Time series of levels of media coverage were generated by applying kernel density estimation at a range of bandwidths (using linear and exponential kernels at bandwidths of 1, 10, 25, 50 and 100 days) to daily counts of online news articles featuring pollution and air quality issues over the period 01.01.2013 – 9.04. 2014.
Predictive model accuracies were compared following integration of these time series of media coverage levels as an additional predictor.
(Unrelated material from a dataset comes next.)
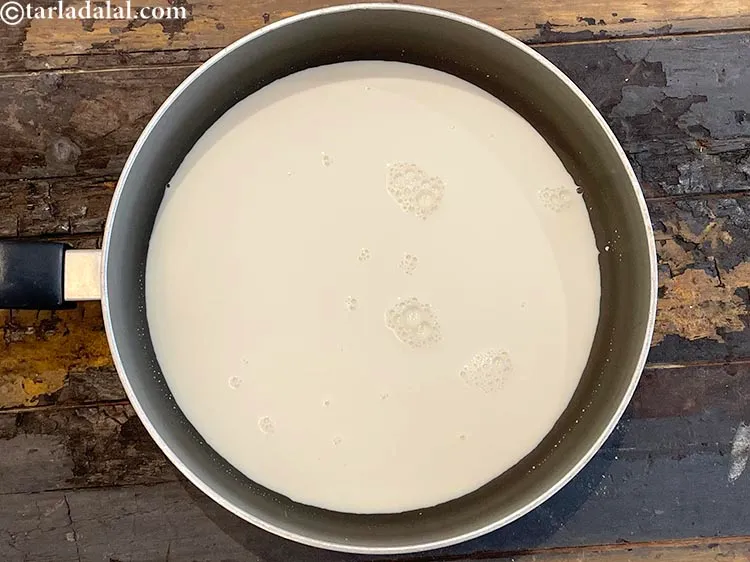 - Combine the couscous and milk in a deep non-stick pan, mix well and cook on a medium flame for 3 to 4 minutes or till it is tender. Keep aside to cool slightly.

Results Of the predictive models tested, random forests parameterized provided optimal results for air-quality predictors. When predicting daily respiratory admissions, the model’s accuracy was 19.90% better than simply predicting mean daily admissions, with an average root mean square error (RMSE) of 7.5031. However, on introduction of the media-coverage variable, RMSE was reduced to 7.3210, representing a 21.85% improvement over mean prediction. While this reflected a slight improvement in admissions forecasting, a corrected t-test suggested these differences were not statistically significant, with a p-value of 0.0633.
Conclusion Initial results indicate that consideration of media coverage may offer minor improvements in predicting respiratory admissions, but this effect was not statistically significant. While such a relationship requires further investigation, models informed by media coverage cannot currently be considered to be accurate enough for use in a practical setting. Better media data collection may improve prediction accuracy.